(Recorded data)

+===+

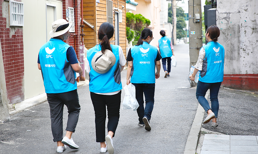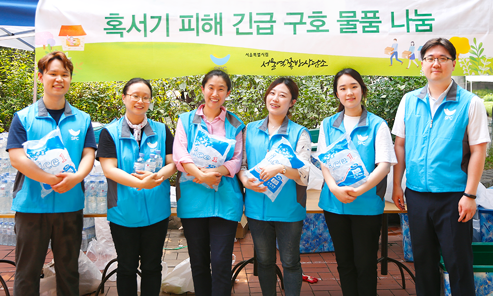 SPC그룹의 임직원으로 구성된 SPC 해피봉사단은 서울특별시립 서울역쪽방상담소와 함께 7월 24일부터 26일까지 3일 동안 서울역 인근 쪽방촌 거주민 1,000세대에 얼음 1천100봉과 SPC삼립 생수 1만2천2백병을 지원했습니다. 이를 위해 용산구 동자동 쪽방촌에 위치한 새꿈어린이공원을 찾은 SPC 해피봉사단은 거주민들에게 얼음과 생수를 전달하고, 몸이 불편해서 거동이 힘든 거주민은 직접 찾아가 구호품을 전달하기도 했습니다. 구호품을 받아든 거주민들은 얼음으로 더위를 식히기도 했으며, “더운데 고생이 많다”며 오히려 물품을 전달하러 간 SPC 해피봉사단을 걱정해주기도 했습니다.
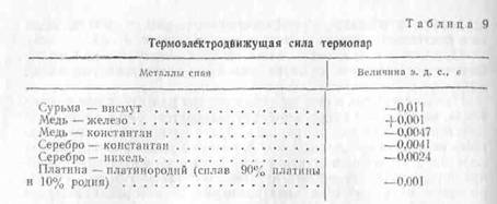 пар металлов при разности температур спая и окружающей среды 100°С (табл. 9).
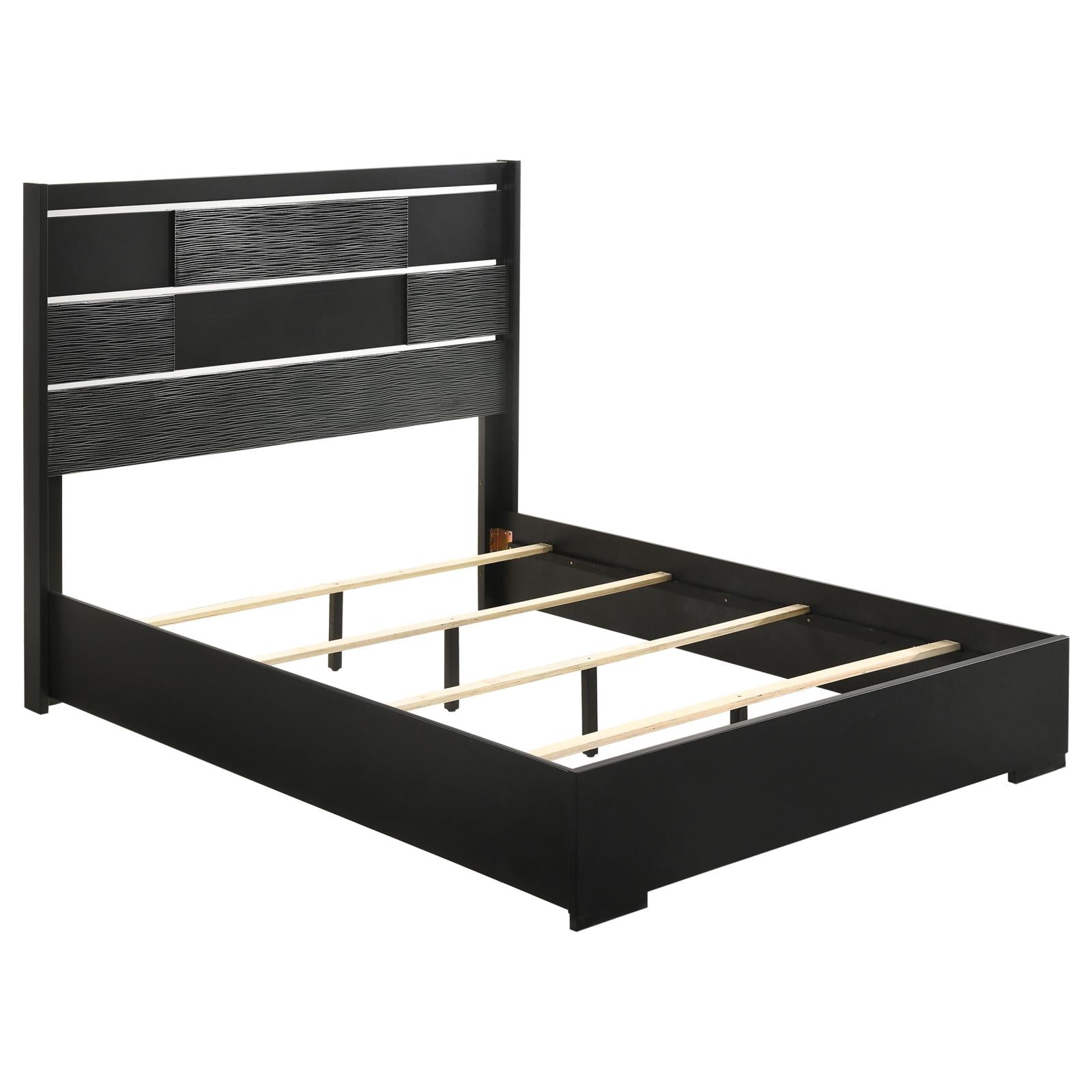 Gleaming chrome accents add alluring elegance to this beautiful, wooden bed frame.The straight, solid headboard makes it a perfect match for a variety of decor styles.Durable, Asian hardwood construction ensures plenty of support to promote restful sleep.Chambered trim adds beautiful dimension to its chic, stylish design.This bed is available in a variety of colors to match with most any palette.
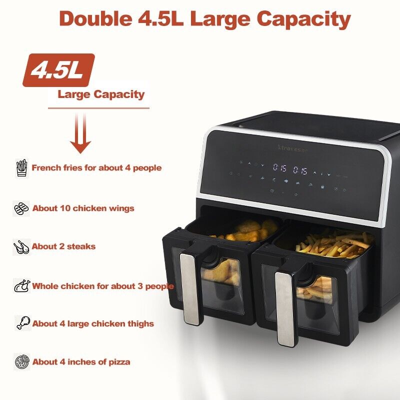 Air Fryer 9L1700 W Dual Zone Digital Display Oil Free Oven Cooker Frying
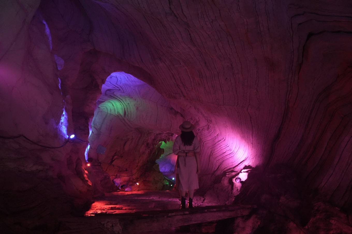石壁上的岩层垒叠有序,好似人为勾勒一般的线条极具视觉冲击力。深入溶洞像是走进了时光隧道,让人迷醉其中,不得其返。

+===+

# WHAT IS REQUIRED
What I need is every record written out exactly, minus the pictures.

# FINISHED EXERCISE
 SPC그룹의 임직원으로 구성된 SPC 해피봉사단은 서울특별시립 서울역쪽방상담소와 함께 7월 24일부터 26일까지 3일 동안 서울역 인근 쪽방촌 거주민 1,000세대에 얼음 1천100봉과 SPC삼립 생수 1만2천2백병을 지원했습니다. 이를 위해 용산구 동자동 쪽방촌에 위치한 새꿈어린이공원을 찾은 SPC 해피봉사단은 거주민들에게 얼음과 생수를 전달하고, 몸이 불편해서 거동이 힘든 거주민은 직접 찾아가 구호품을 전달하기도 했습니다. 구호품을 받아든 거주민들은 얼음으로 더위를 식히기도 했으며, “더운데 고생이 많다”며 오히려 물품을 전달하러 간 SPC 해피봉사단을 걱정해주기도 했습니다.
 пар металлов при разности температур спая и окружающей среды 100°С (табл. 9).
 Gleaming chrome accents add alluring elegance to this beautiful, wooden bed frame.The straight, solid headboard makes it a perfect match for a variety of decor styles.Durable, Asian hardwood construction ensures plenty of support to promote restful sleep.Chambered trim adds beautiful dimension to its chic, stylish design.This bed is available in a variety of colors to match with most any palette.
 Air Fryer 9L1700 W Dual Zone Digital Display Oil Free Oven Cooker Frying
石壁上的岩层垒叠有序,好似人为勾勒一般的线条极具视觉冲击力。深入溶洞像是走进了时光隧道,让人迷醉其中,不得其返。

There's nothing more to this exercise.